Maintaining India Ties: What You Can and Cannot Do
Becoming an NRI does not mean severing your India connection. You can:
- Own property in India (including purchasing new property — NRIs can buy residential and commercial property in India)
- Hold Indian investments — shares, mutual funds, fixed deposits in NRO/NRE accounts
- Continue to be a director or shareholder of your Indian subsidiary (the opco in a flip structure)
- Receive income from India — rental income, dividends from Indian companies, interest — subject to TDS at applicable NRI rates
- Return to India for visits — there is no restriction on how often or for how long you visit, but ensure you don't accidentally tip over 182 days in a year
What changes:
- Your Indian savings accounts become NRO accounts — ordinary transactions are fine, but large repatriations require FEMA compliance
- You cannot contribute to PPF as an NRI (existing PPF accounts can be maintained until maturity)
- You may not be able to invest in certain Indian mutual fund schemes that restrict NRI participation
- Your Indian income (rent, dividends, interest) is now subject to TDS at NRI rates — often higher than resident rates for certain income types — with the ability to reclaim excess via ITR filing
Frequently Asked Questions
How many days do I need to be outside India to become an NRI?
182 days outside India in a financial year (April–March) under the basic rule. The deemed residency rule can override this for Indian citizens with INR 15 lakh+ Indian-source income who are not taxable anywhere — but Singapore residents paying Singapore tax are not caught by the deemed residency rule.
What is the Employment Pass and can Indian founders get one?
The EP is Singapore's work visa for professionals drawing S$5,000/month or more from a Singapore company. Indian founders who relocate and take a salaried executive role in their Singapore Pte Ltd typically qualify. The company applies on their behalf through MOM's EP Online portal. COMPASS score assessment applies — most qualified founders with a genuine salary pass.
What does it actually cost to live in Singapore?

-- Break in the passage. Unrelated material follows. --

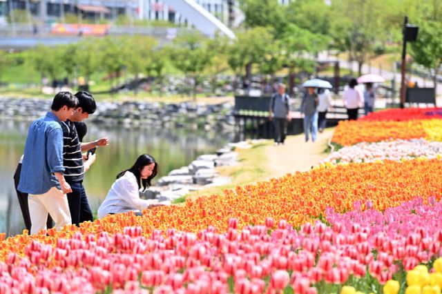 꽃의 향연은 미사호수공원에서 정점을 찍는다. 하남시가 정성껏 가꾼 튤립과 수선화가 형형색색의 얼굴을 내밀며 방문객을 반기고 있다.

A family of four needs S$8,600–S$16,600/month depending on housing location and school choice. The biggest costs are rent (S$3,500–S$7,000) and international schooling (S$2,000–S$4,000/month for two children). Car ownership adds S$1,500–S$3,000/month — most founders skip it. The cost premium over Indian metros is real but is typically offset by significantly lower income tax and zero capital gains tax.
Conclusion
Relocating to Singapore as an Indian founder is a substantive life and business decision — not a tax gimmick. The financial case is strongest for founders with meaningful income (S$200K+/year) or significant equity value: the personal income tax savings and zero capital gains tax can represent millions of rupees over a multi-year horizon. The practical costs — rent, schooling, setup — are real and must be modelled honestly.
The legal mechanics are well-established: incorporate a Singapore company, draw a salary, apply for an Employment Pass, convert Indian bank accounts to NRO/NRE, and ensure your FEMA compliance is in order. None of this is exotic or complicated for a well-advised founder. The main risks are (1) failing to achieve genuine NRI status due to excess days in India, (2) triggering the POEM rules for your Singapore company, and (3) missing FEMA compliance obligations — all of which are manageable with proper advice.